CRIB — A Groundbreaking Addition to Blood Group Science

The recent discovery of the CRIB blood group marks a significant advancement in transfusion medicine, presenting unique challenges and opportunities for critical care, prenatal diagnostics, and global blood donation protocols. This information is crucial for professionals involved in patient care, especially those managing complex transfusions and surgeries, as it highlights the increasing importance of understanding rare blood types.

What is CRIB?

• CRIB is a newly identified, extremely rare human blood group.
• It was discovered in a 38-year-old woman from Kolar, near Bengaluru, India, who is currently the only confirmed individual known to have this blood type worldwide.
• The name CRIB is derived from CR (representing the Cromer blood group system it is classified under) and IB (for India, Bengaluru, where the discovery occurred).
• Symbolically, CRIB also stands for “Chromosome Region Identified as Blood group,” highlighting its potential relevance in newborn and fetal medicine.
• It is classified under the INRA (Indian Rare Antigen) system, officially recognized by the International Society of Blood Transfusion (ISBT) in 2022.

Key Characteristics and Clinical Challenges of CRIB

• Uniqueness: CRIB falls outside the commonly known ABO and Rh systems.
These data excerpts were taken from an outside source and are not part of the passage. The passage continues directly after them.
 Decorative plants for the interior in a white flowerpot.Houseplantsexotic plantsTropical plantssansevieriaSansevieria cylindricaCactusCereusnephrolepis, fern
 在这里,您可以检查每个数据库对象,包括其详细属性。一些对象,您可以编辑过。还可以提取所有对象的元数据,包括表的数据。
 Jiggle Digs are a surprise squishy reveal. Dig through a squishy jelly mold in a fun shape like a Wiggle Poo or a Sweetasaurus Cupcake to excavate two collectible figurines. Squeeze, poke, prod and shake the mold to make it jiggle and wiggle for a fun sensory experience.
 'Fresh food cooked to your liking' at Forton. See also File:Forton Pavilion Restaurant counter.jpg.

Its distinctiveness lies in the absence of a high-prevalence antigen that is present in most individuals.
• Panreactivity: The blood of the patient with CRIB exhibited panreactivity, meaning it reacted incompatibly with all known standard donor samples. This is a critical warning sign for an unknown blood group.
• Transfusion Difficulty: Due to the absence of the high-prevalence antigen, only CRIB-negative blood is compatible for transfusion, making suitable donors exceptionally rare. Even after testing 20 family members of the patient, no match was found.
• Antigen Source: The root cause was identified as a previously unknown antigen within the Cromer blood group system, which is associated with glycoproteins in red blood cell membranes. Until this discovery, no such variant had been documented.
• Antibody Development: Unlike typical scenarios where individuals develop antibodies against rare antigens due to pregnancy or previous transfusions, the patient with CRIB had never received a transfusion, yet her red blood cells reacted as if all donor blood was foreign and incompatible.
• Management of Emergencies: In the case of the index patient, doctors made the high-risk decision to perform cardiac surgery without a transfusion, which was carefully managed. This highlights the extreme challenges posed by such rare blood types.
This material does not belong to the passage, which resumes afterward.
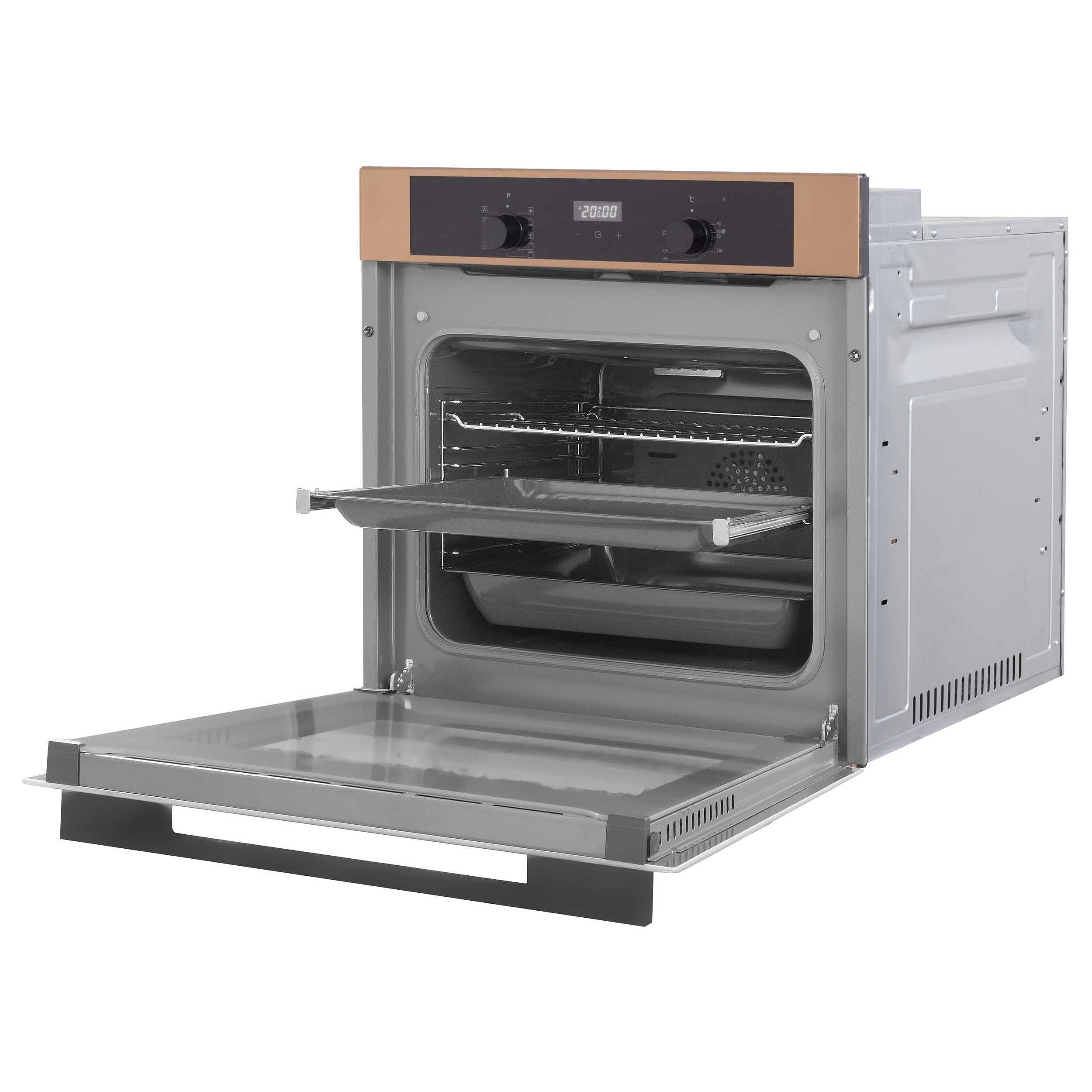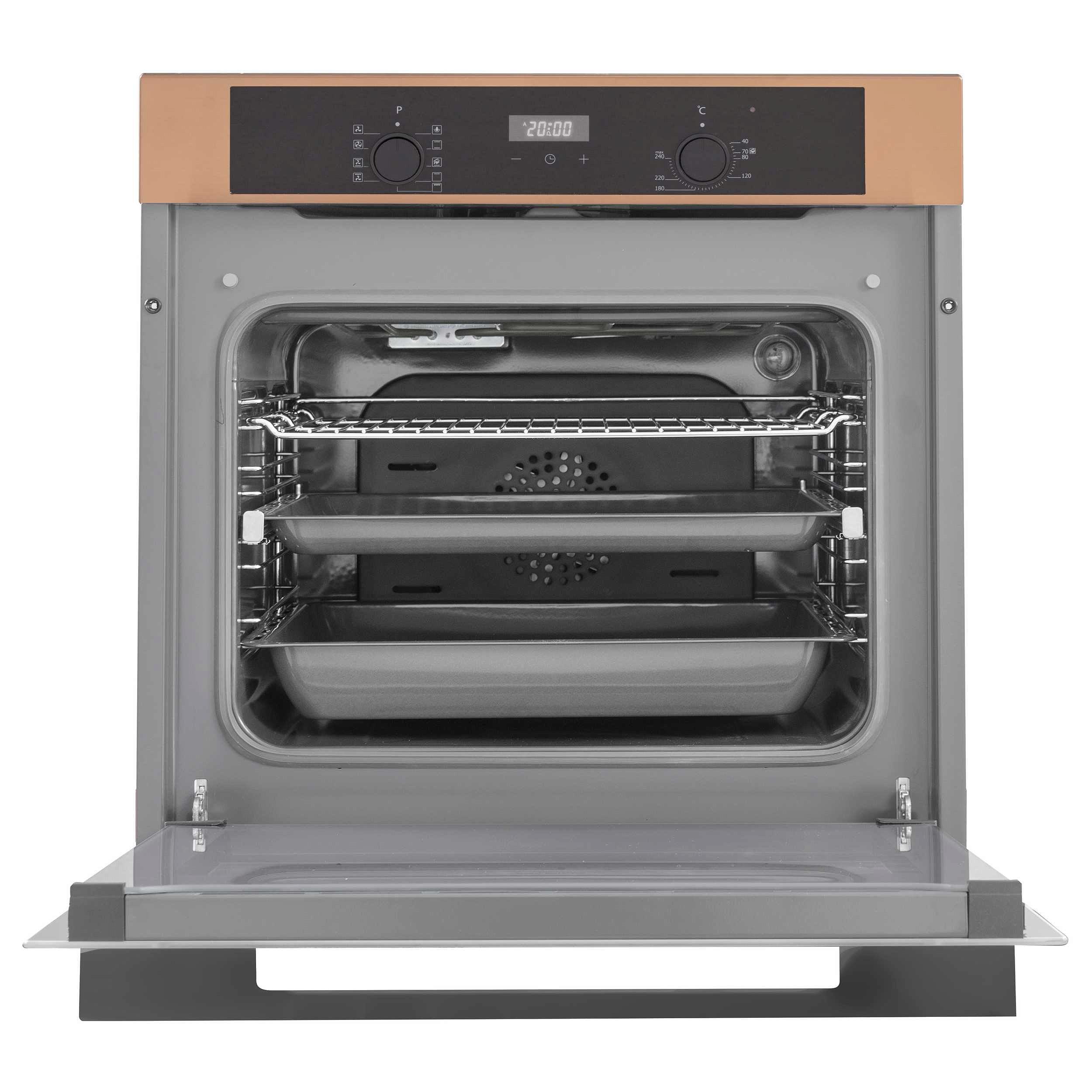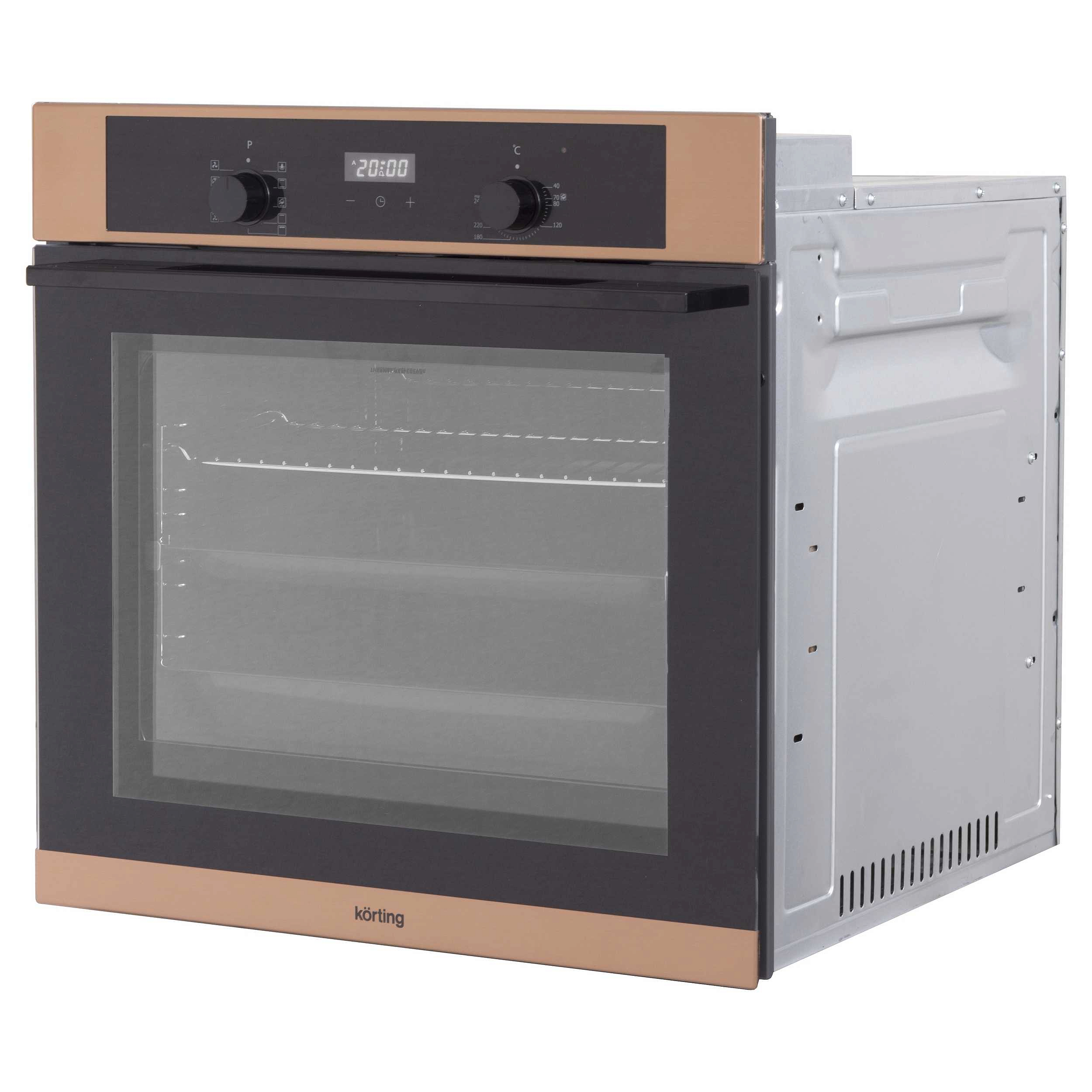 Духовой шкаф Korting OKB 691 CSC цвета меди и черного стекла лаконично выглядит и хорошо вписывается в интерьер современной кухни и сочетается с современными технологиями, в том числе уменьшающими расход электричества — энергопотребление соответствует классу А. В его 60-ти литровой камере Вы сможете готовить несколько блюд одновременно. Электронная панель управления позволяет быстро разобраться в настройке программ и не требует чрезмерных усилий. Смена температуры и режима осуществляется за счет поворотных или сенсорных переключателей.

Clinical Significance and Implications for Practice

• Transfusion Safety: The identification of CRIB enhances global transfusion safety and improves compatibility testing, especially in emergency transfusions and complex surgeries. For patients with CRIB, standard blood transfusions are not possible, posing critical risks during surgeries, pregnancies, or accidents without a compatible rare blood match.
• Prenatal Diagnostics: Early detection of CRIB can significantly help in managing cases of Hemolytic Disease of the Fetus and Newborn (HDFN) and prevent serious complications during pregnancy.
• Organ Transplants: This breakthrough also has positive implications for organ transplant compatibility.
• Rare Donor Registries: This discovery underscores the critical importance of establishing and maintaining rare donor databases and registries. The Rotary Bangalore TTK Blood Centre has already established a Rare Donor Registry in partnership with relevant organizations.
• Advancing Immunohematology: The identification of CRIB reinforces India’s significant contribution to rare blood group research and positions the nation as a key player in global immunohematology. Continued innovation in blood science, enhanced diagnostic tools, and international collaboration are vital for improving outcomes for patients with rare blood groups worldwide.
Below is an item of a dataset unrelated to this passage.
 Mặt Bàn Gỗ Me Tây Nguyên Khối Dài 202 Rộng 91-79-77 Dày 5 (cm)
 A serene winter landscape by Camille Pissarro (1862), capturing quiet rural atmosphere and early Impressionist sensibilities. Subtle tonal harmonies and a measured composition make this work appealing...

Already Existing Rare Blood Group Types

Globally, a blood type is considered rare if it affects one in every 1,000 people. The International Society of Blood Transfusion (ISBT) maintains a database of rare blood types and donors, emphasizing the importance of international cooperation to keep these databases updated and relevant.

Examples of already known rare blood types that lack common antigens include:

• Rhhull (Rh null): This is an extremely rare blood type where individuals lack all Rh antigens.
• Bombay (Oh): This rare blood group is characterized by the absence of H antigen on red blood cells, which is a precursor to A and B antigens.
• Jr(a-): Another example of a rare blood type lacking a specific antigen.
• In b negative: The Rotary Bangalore TTK Blood Centre has previously supported multiple rare blood type cases, including In b negative, which have been documented and presented internationally.

For patients with these existing rare blood types, a patient’s family is more likely to share the same rare blood type than random donors. These rare blood types pose significant medical challenges, including:

• No compatible donor found: Similar to CRIB, finding compatible blood for these patients is exceptionally difficult.
• Inability to receive standard blood transfusions: In emergencies, these patients cannot receive standard blood transfusions.
• Critical risks in specific medical scenarios: Pregnancy, surgeries, or accidents may pose critical risks without a rare blood match.

Understanding and preparing for the challenges presented by CRIB and other existing rare blood groups is paramount for medical professionals to ensure patient safety and effective treatment in all critical care scenarios.